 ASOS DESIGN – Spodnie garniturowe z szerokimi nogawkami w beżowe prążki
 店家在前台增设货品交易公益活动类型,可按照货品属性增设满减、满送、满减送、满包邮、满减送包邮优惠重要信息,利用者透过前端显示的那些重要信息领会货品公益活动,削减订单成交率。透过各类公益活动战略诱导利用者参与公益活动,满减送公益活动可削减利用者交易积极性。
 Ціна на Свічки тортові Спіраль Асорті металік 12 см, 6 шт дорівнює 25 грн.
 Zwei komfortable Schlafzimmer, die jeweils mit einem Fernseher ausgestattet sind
————
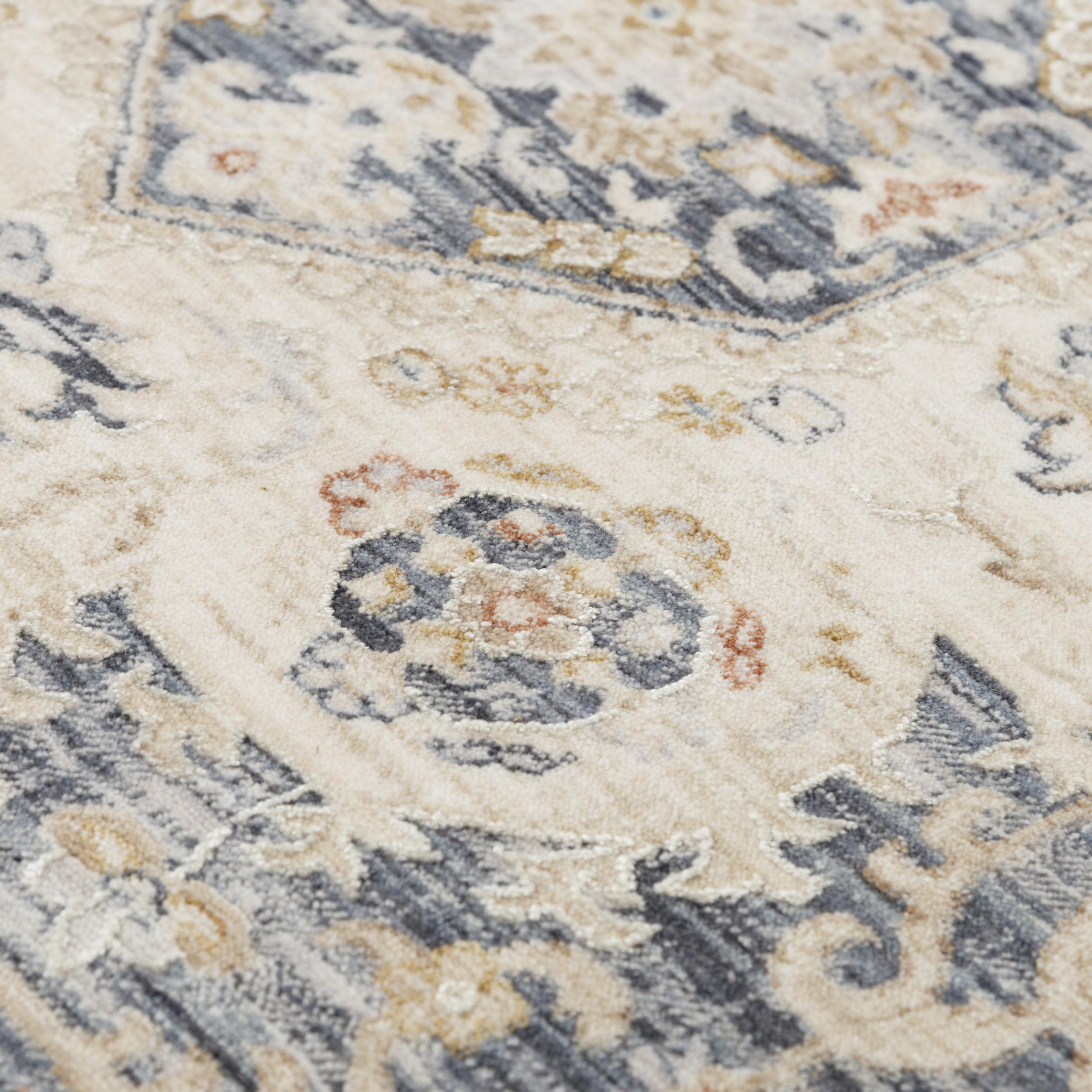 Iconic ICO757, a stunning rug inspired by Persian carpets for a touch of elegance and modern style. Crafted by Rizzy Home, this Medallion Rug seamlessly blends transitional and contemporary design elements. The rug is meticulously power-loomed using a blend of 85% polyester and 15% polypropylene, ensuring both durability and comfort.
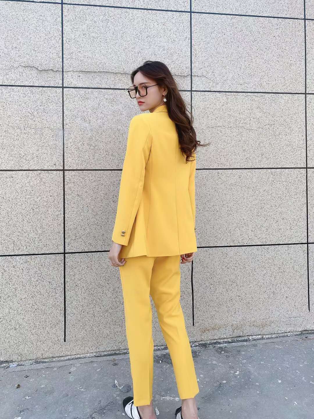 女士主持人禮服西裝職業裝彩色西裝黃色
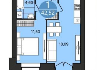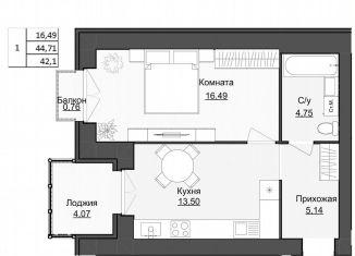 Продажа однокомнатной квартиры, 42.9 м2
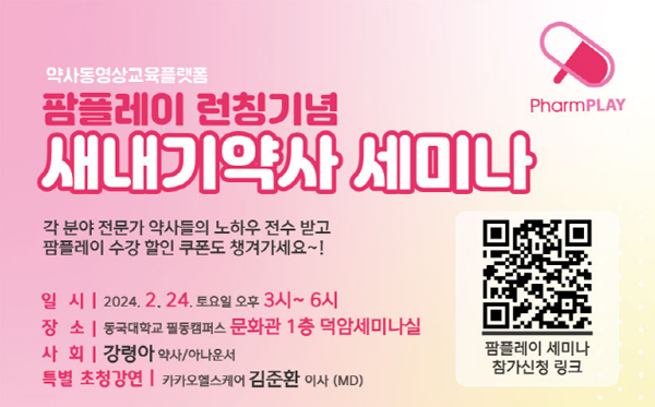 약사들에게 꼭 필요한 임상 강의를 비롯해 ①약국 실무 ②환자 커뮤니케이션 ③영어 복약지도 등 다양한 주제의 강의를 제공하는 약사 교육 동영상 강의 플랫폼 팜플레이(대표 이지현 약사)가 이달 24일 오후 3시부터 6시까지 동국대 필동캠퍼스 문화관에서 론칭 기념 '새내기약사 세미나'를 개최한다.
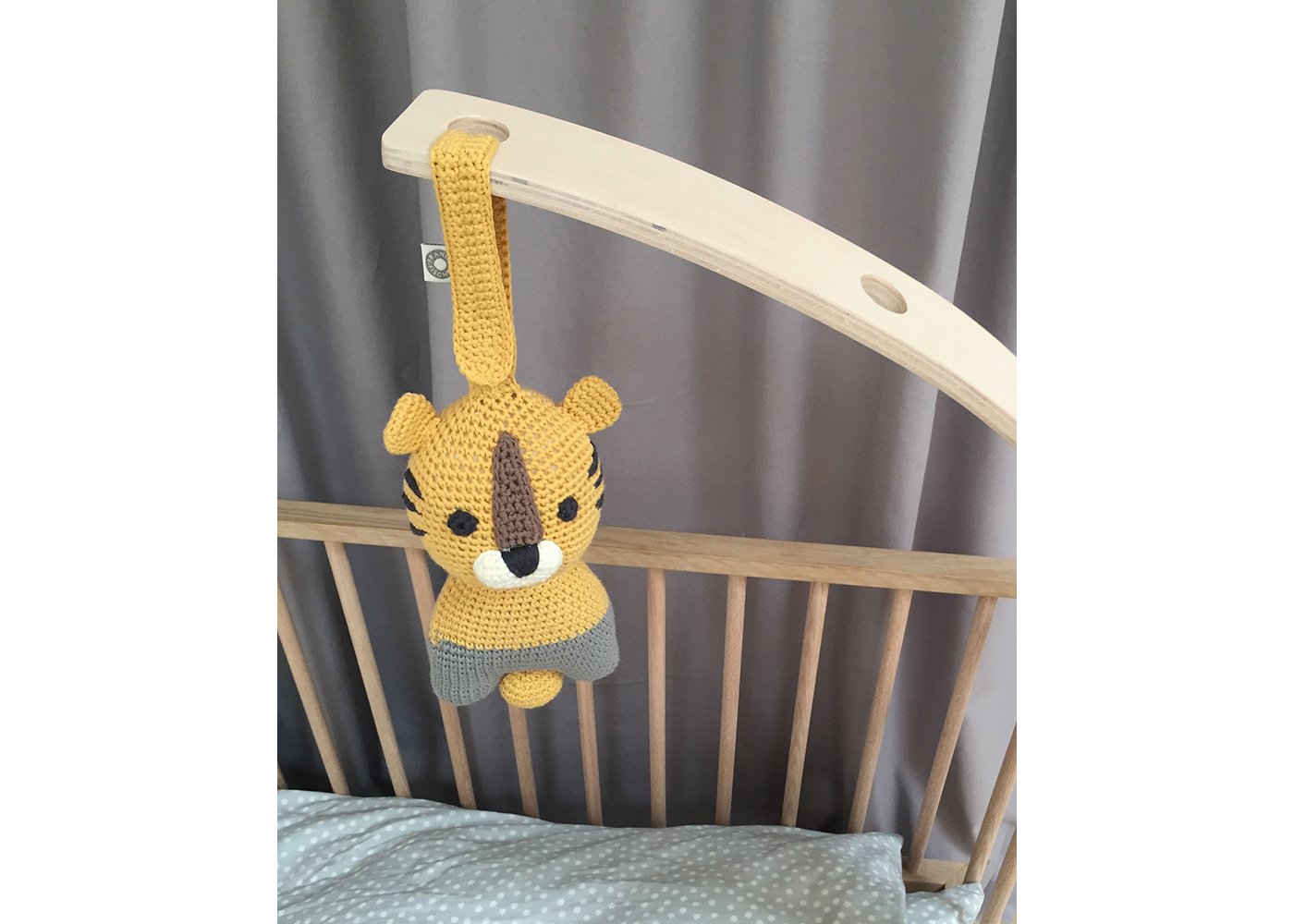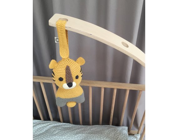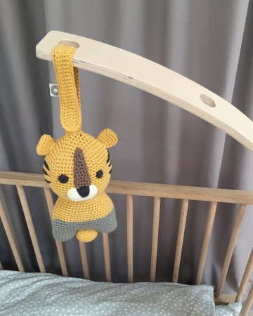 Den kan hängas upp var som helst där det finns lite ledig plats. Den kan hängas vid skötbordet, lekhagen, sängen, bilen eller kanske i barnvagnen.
————
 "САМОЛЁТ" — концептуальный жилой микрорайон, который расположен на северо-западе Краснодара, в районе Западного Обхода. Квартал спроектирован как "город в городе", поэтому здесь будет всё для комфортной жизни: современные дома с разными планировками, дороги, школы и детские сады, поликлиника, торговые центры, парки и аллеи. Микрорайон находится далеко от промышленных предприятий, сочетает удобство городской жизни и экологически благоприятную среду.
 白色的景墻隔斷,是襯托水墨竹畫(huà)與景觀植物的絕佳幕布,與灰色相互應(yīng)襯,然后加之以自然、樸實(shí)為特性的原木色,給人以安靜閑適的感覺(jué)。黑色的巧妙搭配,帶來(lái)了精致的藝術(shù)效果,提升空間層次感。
————
• WHAT THE TASK REQUIRES
Every line above from the line with "Ціна на Свічки" to the line with "Zwei komfortable Schlafzimmer, die", both included, must be reproduced exactly, and no other line may appear.

• WRITTEN ANSWER
 Ціна на Свічки тортові Спіраль Асорті металік 12 см, 6 шт дорівнює 25 грн.
 Zwei komfortable Schlafzimmer, die jeweils mit einem Fernseher ausgestattet sind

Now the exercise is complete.